The faces in the Unification Ministry may change but the goal remains the same, find a way to avoid sanctions to send bulk cash transfers to North Korea:
“I’ll actively look for ways to restart the Mount Kumgang tour project,” he said while visiting Jejin Station in Goseong, northeast of Seoul, near the Demilitarized Zone that separates two Koreas. “The resumption of the tour program will send a message of peace on the Korean Peninsula and revive the economy of border regions.”
The minister also said he will go ahead with plans to reconnect the rail network to North Korea in a bid to create a new economic order on the Korean Peninsula.
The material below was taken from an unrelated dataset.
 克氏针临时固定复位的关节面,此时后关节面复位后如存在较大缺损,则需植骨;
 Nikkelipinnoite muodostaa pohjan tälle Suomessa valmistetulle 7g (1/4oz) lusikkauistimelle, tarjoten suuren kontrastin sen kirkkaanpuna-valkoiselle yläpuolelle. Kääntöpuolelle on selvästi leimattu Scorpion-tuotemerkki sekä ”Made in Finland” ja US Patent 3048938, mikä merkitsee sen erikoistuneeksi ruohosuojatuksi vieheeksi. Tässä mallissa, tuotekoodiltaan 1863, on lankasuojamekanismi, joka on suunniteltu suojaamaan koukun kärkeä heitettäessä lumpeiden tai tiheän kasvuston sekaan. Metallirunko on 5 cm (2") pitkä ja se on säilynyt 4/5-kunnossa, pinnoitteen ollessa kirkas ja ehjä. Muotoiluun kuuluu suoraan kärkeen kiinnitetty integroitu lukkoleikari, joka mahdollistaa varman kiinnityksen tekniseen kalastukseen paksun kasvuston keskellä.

During his confirmation hearing earlier this month, Lee said he would look for a “creative solution” to restart the tour program to North Korea’s scenic mountains in the form of individual tours as a way to improve inter-Korean relations without violating international sanctions imposed on Pyongyang.
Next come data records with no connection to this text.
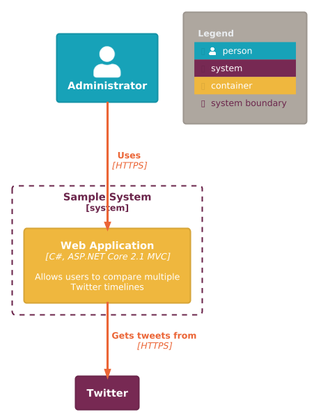 @startuml !theme C4_united from https://raw.githubusercontent.com/plantuml-stdlib/C4-PlantUML/master/themes !include https://raw.githubusercontent.com/plantuml-stdlib/C4-PlantUML/master/C4_Container.puml Person(admin, "Administrator") System_Boundary(c1, "Sample System") { Container(web_app, "Web Application", "C#, ASP.NET Core 2.1 MVC", "Allows users to compare multiple Twitter timelines") } System(twitter, "Twitter") Rel(admin, web_app, "Uses", "HTTPS") Rel(web_app, twitter, "Gets tweets from", "HTTPS") SHOW_FLOATING_LEGEND() @enduml
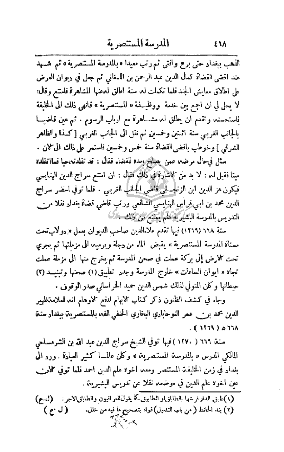 سنة 669 (1270) فيها توفي الشيخ سراج الدين عبد الله بن الشرمساحي المالكي المدرس (بالمدرسة المستنصرية) وكان عالما كثير العبادة. ورد إلى بغداد في زمن الخليفة المستنصر ومعه أخوه علم الدين أحمد فلما توفي الآن عين أخوه علم الدين في موضعه نقلا
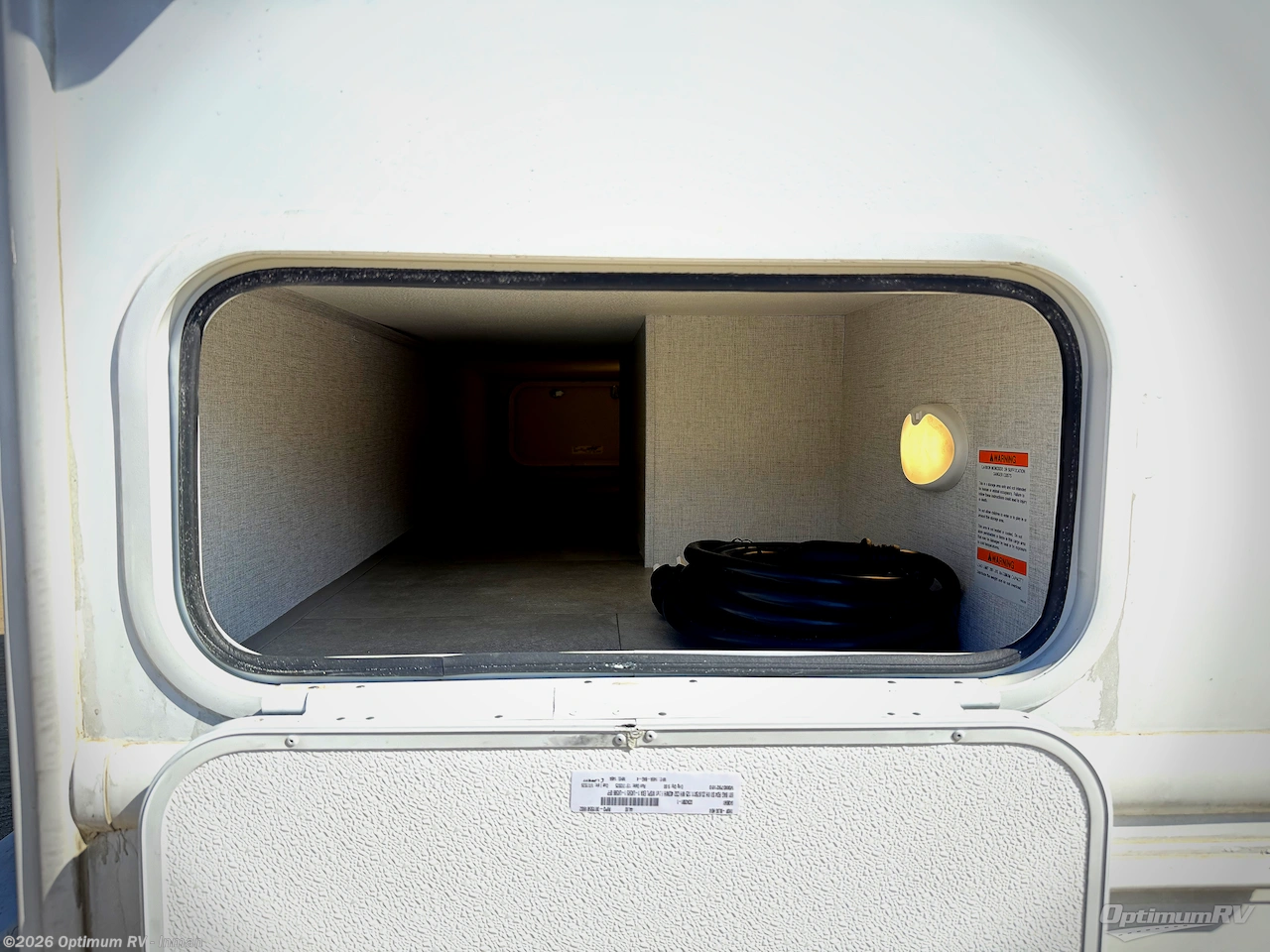 This compact, yet cozy coach is perfect for trips to the campground each weekend! Once you've reached your destination, you can set up the 11' power awning, unload the exterior storage compartments, and relax in your camp chairs. The two burner gas cooktop and convection microwave with an air fryer will let you make meals each day, and there is a 12V refrigerator to keep food fresh. A flip-up counter is another great feature that will give you more prep space! You can freshen up in the wet bath, grab your night clothes from the closet, then convert the U-shaped dinette into a 54" x 77" bed for a great night's rest!

Started in 2003, the project was suspended after a South Korean tourist was shot dead near the mountain resort in 2008. The program’s formal resumption requires a sanctions waiver, as it involves bulk cash transfer to the North.
South Korea’s Unification Minister nominee has essentially said that he plans to find ways to work around sanctions to pay off North Korea:
The government has hinted that it will seek to revamp the beleaguered South Korea-U.S. working group, a forum to coordinate North Korea-related issues, as part of its plan to push for more inter-Korean cooperation.
The organization, set up in November 2018, has taken flak for allegedly hindering progress in inter-Korean ties due to its excessively harsh standards adopted on Pyongyang, and there have been growing calls here for restructuring its operation or even dismantling it.
Lee In-young, the unification minister nominee, said Monday that he plans to distinguish what the government can do on its own with the North from what it can do under the format of the working group.
“If I take office, I will review what the working group has done so far and take additional measures (to promote inter-Korean exchanges and cooperation), based on my ideas regarding inter-Korean affairs,” Lee told reporters upon arriving at the Office of Inter-Korean Dialogue to prepare for his National Assembly confirmation hearing.
You can read more at the link, but as I have been saying this is why the Kim regime blew up the Inter-Korean Liaison Office; to force North Korea to separate from the U.S.’s North Korea policy and violate sanctions. If South Korea finds ways to violate sanctions that will be a green light to other nations to do so as well.